- _TASK INSTRUCTIONS_
Make an exact copy of the entries below and leave any picture out of it.

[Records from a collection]
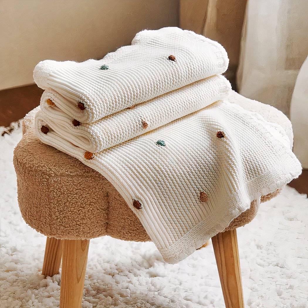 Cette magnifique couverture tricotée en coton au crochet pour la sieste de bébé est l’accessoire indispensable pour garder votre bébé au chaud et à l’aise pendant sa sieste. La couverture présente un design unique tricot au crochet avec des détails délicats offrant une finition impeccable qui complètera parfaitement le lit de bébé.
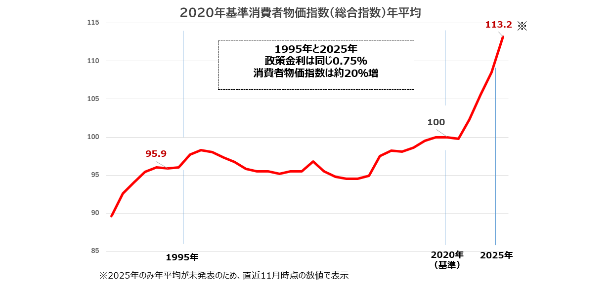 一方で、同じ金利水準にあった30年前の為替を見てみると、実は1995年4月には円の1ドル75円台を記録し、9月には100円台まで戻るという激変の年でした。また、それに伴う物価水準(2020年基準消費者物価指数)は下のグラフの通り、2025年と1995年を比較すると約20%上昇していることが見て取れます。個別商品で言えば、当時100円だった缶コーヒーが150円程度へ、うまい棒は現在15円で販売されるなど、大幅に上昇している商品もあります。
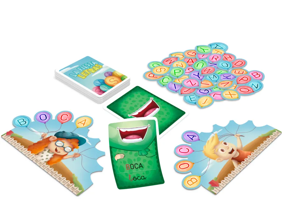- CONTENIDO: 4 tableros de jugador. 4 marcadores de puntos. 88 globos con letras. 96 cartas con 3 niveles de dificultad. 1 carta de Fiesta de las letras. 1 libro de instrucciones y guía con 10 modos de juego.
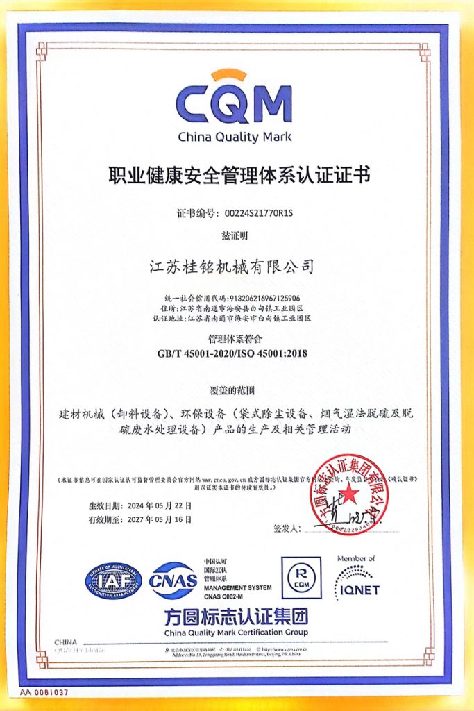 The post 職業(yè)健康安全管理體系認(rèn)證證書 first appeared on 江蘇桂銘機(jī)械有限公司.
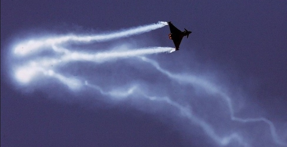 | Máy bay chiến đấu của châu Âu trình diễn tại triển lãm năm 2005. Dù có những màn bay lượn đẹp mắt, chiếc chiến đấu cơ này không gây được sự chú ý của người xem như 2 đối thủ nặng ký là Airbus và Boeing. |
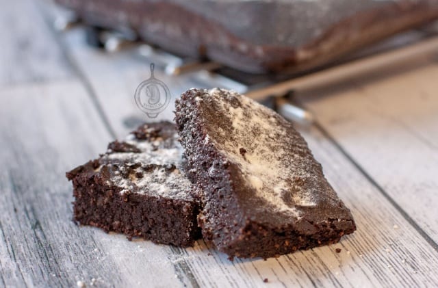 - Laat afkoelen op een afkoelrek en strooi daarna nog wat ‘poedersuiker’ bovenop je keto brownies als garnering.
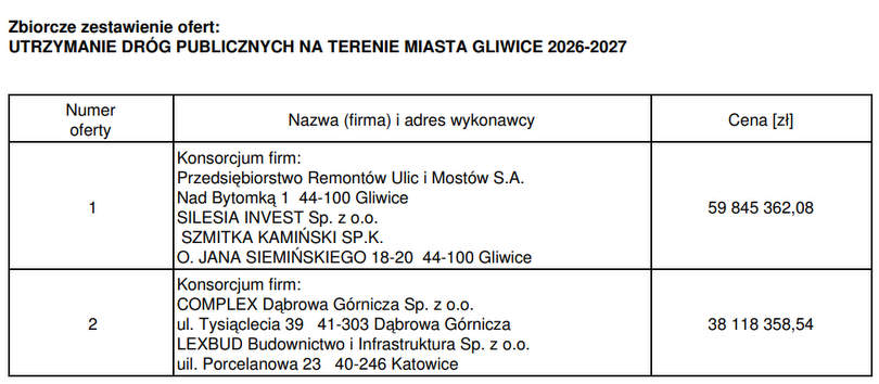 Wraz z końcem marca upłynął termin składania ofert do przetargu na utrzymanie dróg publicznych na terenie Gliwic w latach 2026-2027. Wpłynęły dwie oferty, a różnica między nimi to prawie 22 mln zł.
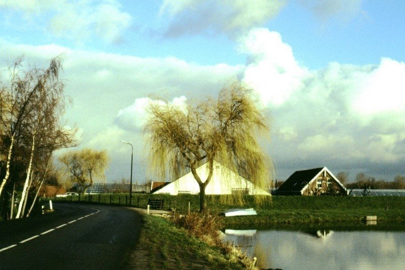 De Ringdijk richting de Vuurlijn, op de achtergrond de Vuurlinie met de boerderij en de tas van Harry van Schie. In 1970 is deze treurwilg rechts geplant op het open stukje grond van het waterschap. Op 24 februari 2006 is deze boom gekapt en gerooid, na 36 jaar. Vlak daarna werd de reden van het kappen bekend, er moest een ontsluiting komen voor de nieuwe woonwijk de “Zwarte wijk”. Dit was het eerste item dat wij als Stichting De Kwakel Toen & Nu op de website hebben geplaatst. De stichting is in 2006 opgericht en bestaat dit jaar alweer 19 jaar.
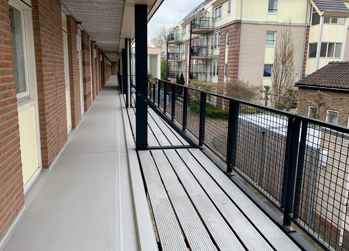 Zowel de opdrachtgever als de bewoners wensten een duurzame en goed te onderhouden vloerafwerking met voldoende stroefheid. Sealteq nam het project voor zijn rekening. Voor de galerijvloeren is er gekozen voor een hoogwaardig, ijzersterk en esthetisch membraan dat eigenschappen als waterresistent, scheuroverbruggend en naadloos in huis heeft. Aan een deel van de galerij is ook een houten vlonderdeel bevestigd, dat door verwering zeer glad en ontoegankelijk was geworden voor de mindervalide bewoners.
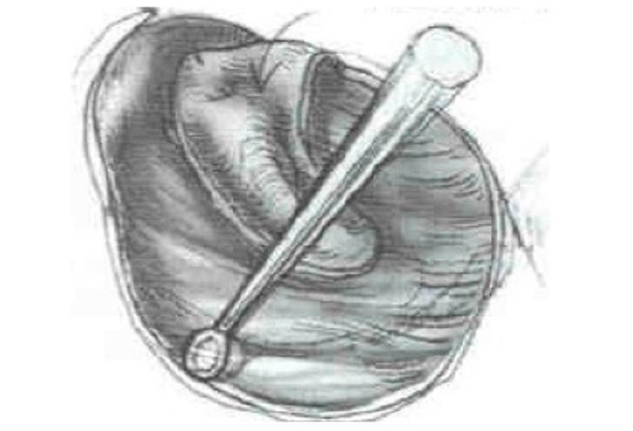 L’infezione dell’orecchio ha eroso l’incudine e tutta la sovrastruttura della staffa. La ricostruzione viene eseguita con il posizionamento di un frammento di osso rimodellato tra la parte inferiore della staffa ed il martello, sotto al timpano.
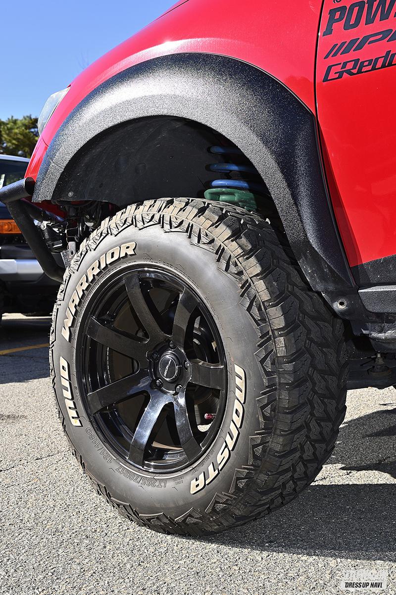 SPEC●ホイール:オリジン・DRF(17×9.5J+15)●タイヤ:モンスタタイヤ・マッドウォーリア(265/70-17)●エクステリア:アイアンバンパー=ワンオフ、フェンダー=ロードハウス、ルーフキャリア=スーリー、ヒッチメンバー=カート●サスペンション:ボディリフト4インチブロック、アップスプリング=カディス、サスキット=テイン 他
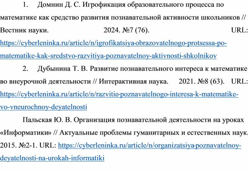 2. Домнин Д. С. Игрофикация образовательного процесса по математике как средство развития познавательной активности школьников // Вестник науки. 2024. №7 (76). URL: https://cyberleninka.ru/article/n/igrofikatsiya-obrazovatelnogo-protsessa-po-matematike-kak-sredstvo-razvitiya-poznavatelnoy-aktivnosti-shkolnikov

- _SOLUTION TO THE PROBLEM_
 Cette magnifique couverture tricotée en coton au crochet pour la sieste de bébé est l’accessoire indispensable pour garder votre bébé au chaud et à l’aise pendant sa sieste. La couverture présente un design unique tricot au crochet avec des détails délicats offrant une finition impeccable qui complètera parfaitement le lit de bébé.
 一方で、同じ金利水準にあった30年前の為替を見てみると、実は1995年4月には円の1ドル75円台を記録し、9月には100円台まで戻るという激変の年でした。また、それに伴う物価水準(2020年基準消費者物価指数)は下のグラフの通り、2025年と1995年を比較すると約20%上昇していることが見て取れます。個別商品で言えば、当時100円だった缶コーヒーが150円程度へ、うまい棒は現在15円で販売されるなど、大幅に上昇している商品もあります。
- CONTENIDO: 4 tableros de jugador. 4 marcadores de puntos. 88 globos con letras. 96 cartas con 3 niveles de dificultad. 1 carta de Fiesta de las letras. 1 libro de instrucciones y guía con 10 modos de juego.
 The post 職業(yè)健康安全管理體系認(rèn)證證書 first appeared on 江蘇桂銘機(jī)械有限公司.
 | Máy bay chiến đấu của châu Âu trình diễn tại triển lãm năm 2005. Dù có những màn bay lượn đẹp mắt, chiếc chiến đấu cơ này không gây được sự chú ý của người xem như 2 đối thủ nặng ký là Airbus và Boeing. |
 - Laat afkoelen op een afkoelrek en strooi daarna nog wat ‘poedersuiker’ bovenop je keto brownies als garnering.
 Wraz z końcem marca upłynął termin składania ofert do przetargu na utrzymanie dróg publicznych na terenie Gliwic w latach 2026-2027. Wpłynęły dwie oferty, a różnica między nimi to prawie 22 mln zł.
 De Ringdijk richting de Vuurlijn, op de achtergrond de Vuurlinie met de boerderij en de tas van Harry van Schie. In 1970 is deze treurwilg rechts geplant op het open stukje grond van het waterschap. Op 24 februari 2006 is deze boom gekapt en gerooid, na 36 jaar. Vlak daarna werd de reden van het kappen bekend, er moest een ontsluiting komen voor de nieuwe woonwijk de “Zwarte wijk”. Dit was het eerste item dat wij als Stichting De Kwakel Toen & Nu op de website hebben geplaatst. De stichting is in 2006 opgericht en bestaat dit jaar alweer 19 jaar.
 Zowel de opdrachtgever als de bewoners wensten een duurzame en goed te onderhouden vloerafwerking met voldoende stroefheid. Sealteq nam het project voor zijn rekening. Voor de galerijvloeren is er gekozen voor een hoogwaardig, ijzersterk en esthetisch membraan dat eigenschappen als waterresistent, scheuroverbruggend en naadloos in huis heeft. Aan een deel van de galerij is ook een houten vlonderdeel bevestigd, dat door verwering zeer glad en ontoegankelijk was geworden voor de mindervalide bewoners.
 L’infezione dell’orecchio ha eroso l’incudine e tutta la sovrastruttura della staffa. La ricostruzione viene eseguita con il posizionamento di un frammento di osso rimodellato tra la parte inferiore della staffa ed il martello, sotto al timpano.
 SPEC●ホイール:オリジン・DRF(17×9.5J+15)●タイヤ:モンスタタイヤ・マッドウォーリア(265/70-17)●エクステリア:アイアンバンパー=ワンオフ、フェンダー=ロードハウス、ルーフキャリア=スーリー、ヒッチメンバー=カート●サスペンション:ボディリフト4インチブロック、アップスプリング=カディス、サスキット=テイン 他
 2. Домнин Д. С. Игрофикация образовательного процесса по математике как средство развития познавательной активности школьников // Вестник науки. 2024. №7 (76). URL: https://cyberleninka.ru/article/n/igrofikatsiya-obrazovatelnogo-protsessa-po-matematike-kak-sredstvo-razvitiya-poznavatelnoy-aktivnosti-shkolnikov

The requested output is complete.